José Santos Astete - Chilean military, fought in the Spanish American wars of independence, as cavalry captain in the Chilean Patriot Army's militia corps, under General Bernardo O'Higgins.

Luis Germán Astete - (b. Lima, 1832 - d. Huamachuco, 1883) Peruvian military and politician, Captain of the Peruvian Navy. In 1877 he took command of the ironclad Huáscar and fought two British warships, in what was called the Pacocha Incident. He participated in the War of the Pacific and, after the defeat of the Peruvian navy, joined the army under General Andrés Avelino Cáceres. In the Battle of Huamachuco, he was the commander of the 4th army division and was killed in action.

Alejandro Velasco Astete - Peruvian military and aviator (b. Cuzco, 1897 - d. Puno, 1925); he was the first to fly over the Andes by plane (1925), taking off from Lima and landing at Cuzco. He died during the return trip in a plane crash in Puno.

===Estete surname===
Martin Estete - Spanish military and "conquistador" (b. Santo Domingo de la Calzada? - d. Lima, c.1537), came to the "Indias" with Diego de Nicuesa's expedition in 1510. He is considered the "immigrant ancestor", the first person of his surname to come to Americas. He received his first official appointment in 1521 in Panama; as the "right hand man" of governor Pedro Arias Dávila, he carried out explorations and military missions in Panama and Nicaragua. He was one of the founders of Trujillo, sub-governor, and charged with charting the urban layout of the city.

Miguel Estete - Spanish military and conquistador (b. Santo Domingo de la Calzada, 1495 - d. Ayacucho about 1572), took part in the conquest of the Inca empire, participating in all major actions, including the capture of its last emperor, Atahualpa (1532). He saw the founding of San Miguel de Piura, chose the location for Trujillo and was among the first residents at Huamanga (now known as Ayacucho). During the conflict between the conquistadores (1535–1541), he allied with Diego de Almagro and Hernando de Soto against Pizarro and his brothers. He wrote a noted chronicle of the conquest, in which he described all events that occurred till the capture of Cuzco.

==Noteworthy people==
Miguel Astete - Local politician ("Alcalde ordinario") from Santo Domingo de la Calzada, in the 15th-century Kingdom of Castille, he is the first person with Astete surname to be found in official records (1466) and the first appointed to a political office.

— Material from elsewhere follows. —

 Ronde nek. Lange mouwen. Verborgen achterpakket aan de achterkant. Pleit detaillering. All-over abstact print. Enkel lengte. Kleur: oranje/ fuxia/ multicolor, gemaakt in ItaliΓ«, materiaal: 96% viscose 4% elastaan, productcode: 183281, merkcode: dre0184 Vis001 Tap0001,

Bartolomé Astete de Ulloa - Spanish hidalgo from Quintanaélez (b. Miraveche 1578 - d. Lima around 1662), official genearch (immigrant ancestor) of the "Astete family" in the Americas, with the military of the viceroyalty of Peru, was a miner and factor of the Potosí silver mines. He was Corregidor of Charcas and accountant of the royal treasury in Lima.

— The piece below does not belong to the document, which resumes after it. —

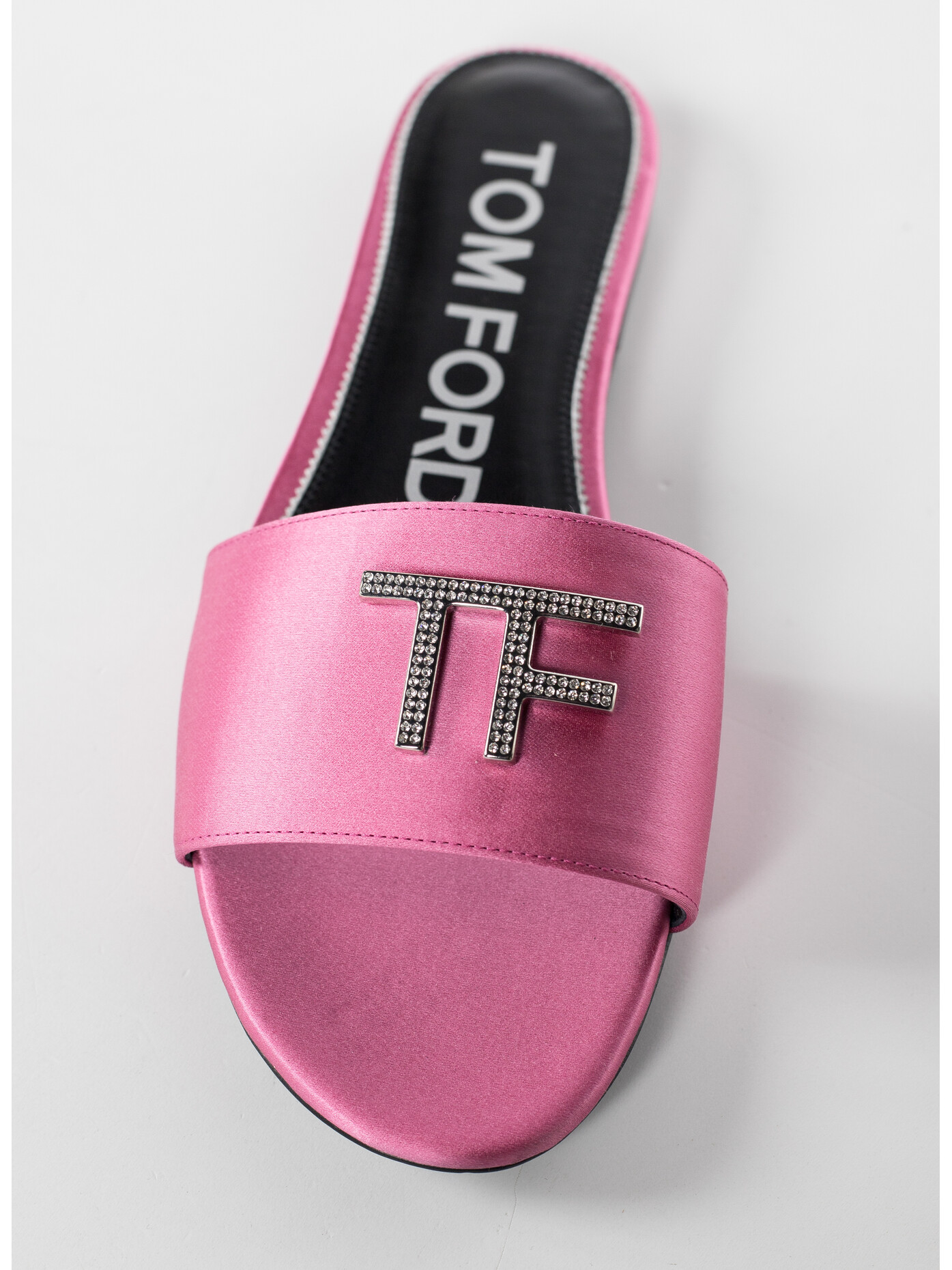 Mantieni il tuo look comodo e chic con queste eleganti ciabatte in raso di Tom Ford. Realizzate in raso, presentano un'applicazione TF ricoperta di cristalli e un tacco basso.

Manuel de Arce Otalora y Astete - Spanish magistrate (b. Oviedo 1644 - d. Valladolid? c. 1706), nephew of Don Juan Astete Monroy, was Knight of Santiago, criminal judge in Valladolid, corregidor of Guipúzcoa (1678 to 1682) and counselor of the Crown of Castile (1690 to 1705).

Andrés de Astete y Zárate - military of the viceroyalty of Peru (Lima 1669 - deceased in the 18th century), Knight of Santiago Order

Domingo Astete y Mercado - Lawyer of the viceroyalty of Peru (18th century), aristocrat from Lima, he was the patriarch of the Astete clan of Cuzco and father of colonels Pablo and Domingo Luis (discussed in the section above)

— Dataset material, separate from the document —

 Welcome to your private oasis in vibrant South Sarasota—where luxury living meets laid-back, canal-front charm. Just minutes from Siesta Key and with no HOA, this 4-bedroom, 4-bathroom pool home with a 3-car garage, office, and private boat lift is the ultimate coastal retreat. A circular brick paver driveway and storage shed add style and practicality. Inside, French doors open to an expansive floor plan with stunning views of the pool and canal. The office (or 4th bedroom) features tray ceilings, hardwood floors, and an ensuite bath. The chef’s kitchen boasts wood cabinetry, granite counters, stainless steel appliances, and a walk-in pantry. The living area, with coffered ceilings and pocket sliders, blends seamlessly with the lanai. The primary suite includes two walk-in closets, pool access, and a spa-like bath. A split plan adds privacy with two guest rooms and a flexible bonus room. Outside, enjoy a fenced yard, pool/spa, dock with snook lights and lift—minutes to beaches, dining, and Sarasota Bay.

Pedro Astete - Peruvian politician (19th century), grandson of the patriarch Don Domingo Astete from Cuzco, he was provincial deputy and diplomat

Luis Astete y Concha - Peruvian painter (b. Lima 1866 - d. Lima 1914), portrayed many eminent people and politicians of the Peruvian society of his time.

Santiago Astete Chocano - Peruvian linguist (b. Cuzco 1886 d. Lima 1975), was the main founder of the Quechua Language Academy in Cuzco, in the 1950s. He created a translation method from Quechua to Spanish that is still widely used. He published articles and books about the Quechua language and its grammar, such as El lenguaje de los qeshuas hablado por el poblador del Ande peruano (1959).